I have just returned hotfoot from an audience with Tony Blair. As one of around 30 editors across the UK, I was fortunate to be invited to interview the Prime Minister at 10 Downing Street.

A few of us were selected to ask questions – which ranged from war in Africa to nuclear energy. I tackled Mr Blair on planning laws and the relationship between councils and local shops. The Prime Minister told me that planning applications in the UK were now being treated with much more regard to smaller shops and the environment.

I also put to him baker Ian Martin’s point about how, in Australia, out-of-town planning applications were now being given only to ‘complexes’, which had to include small shops clustered around a supermarket.

I know we are all cynical when it comes to politicians and promises, but it was a point in which he seemed genuinely interested. Both the supermarkets and the small shops appear to benefit from the system in Australia, where the in-stores need a smaller footprint for bakery that is economical for them.

The small shops, including bakers, are able to differentiate their offering and benefit from both the supermarket shoppers and other clientele. Customers can wander throughout the complex and place all their goods in the same trolley. It sounds too simple and good to be true. If only we could wind the clock back 20 years and start again – this time with common sense.

I also asked the Prime Minister if we could resolve the problem of small shops still suffering from too much red tape, restricted delivery access, punitive parking and the fact they are penalised because they do not have the lobbying power of the British Retail Consortium.
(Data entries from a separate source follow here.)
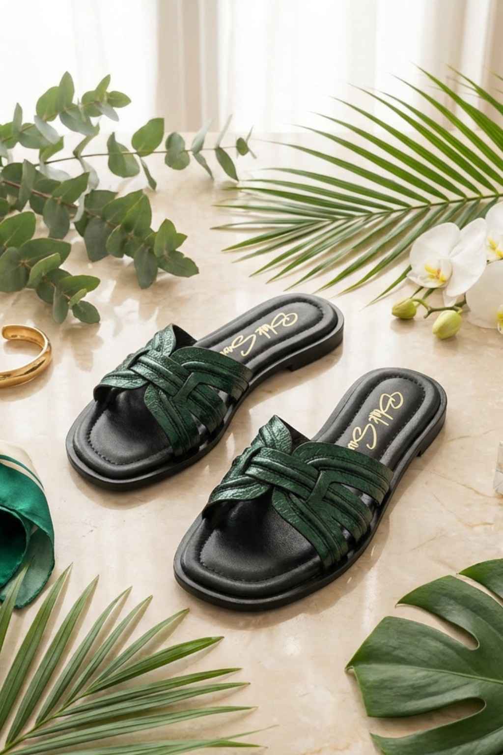 Crafted in the spirit of Italian artistry, Auréa Noir is a celebration of texture, contrast, and refined femininity. The luminous metallic gold leather is meticulously intrecciato by hand, creating a sculptural play of light against the deep noir base.
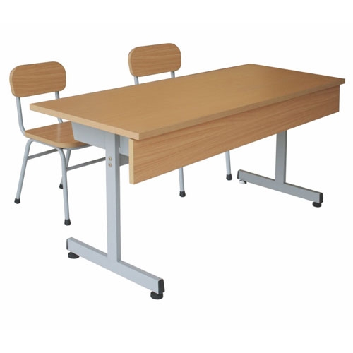 Bàn ngồi rời ghế, không điều chỉnh chiều cao mặt bàn. Chân đế tôn dập, chân đứng Oval 32×62, khung đỡ mặt ống 20×40, ngăn bàn tôn. Khung và ngăn bàn sơn tĩnh điện màu HP05. Mặt bàn gỗ công nghiệp dày 15mm
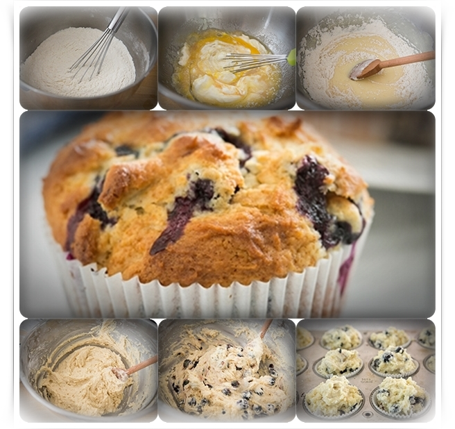 Colocamos los arándanos en un tazón y lo espolvoreamos con 1 Cda de harina para cubrir. (La harina evitará que los arándanos se hundan en la mezcla mientras se cocina.) Reservamos
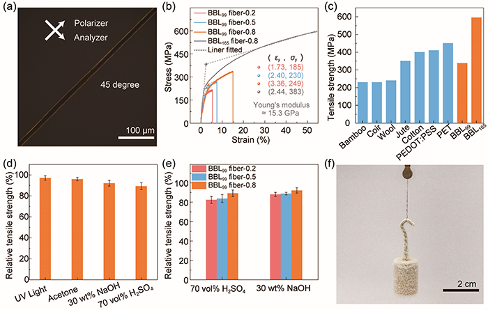 分子量与取向-结晶度的协同提升带来了“高强度—高韧性—高耐受”的综合性能。高分子量 BBL165 可实现杨氏模量约 15.3 GPa、抗拉强度约 600 MPa、断裂伸长率约 54%,屈服强度约 383 MPa,满足并优于织造级应用门槛;环境稳定性方面,纤维在 −120 – 250 °C 恒载热机械测试下形变变化极小,DSC 0 – 300 °C 无明显相变,TGA 至 500 °C 仍保留约 98.2% 质量;在强 UV(365 nm,5000 W·m⁻²,12 h)与强酸/强碱/有机溶剂中,BBL 纤维分别保持约 96% 与 90 – 94% 的强度,显著优于低剪切取向样品,凸显结构有序性对抗环境扰动的决定性作用。

He simply said “he understood”.

But that’s not enough! A new study by the Campaign for the Protection of Rural England (CPRE) confirms that local shops flourish once superstore plans are turned down (pg 4). That is what happens in the rest of Europe. But you cannot change the status quo; you can only change the future.

I believe our supermarkets are the best in the world, but they do not foster ‘community’. I suggest the CPRE, the Federation of Small Businesses, the Independent Retailers Consortium and other disparate organisations with the same aim, all join together in allocating funding to a central lobbyist, while maintaining their own individuality. Because, in this era, vociferous lobbying is the ONLY thing that counts.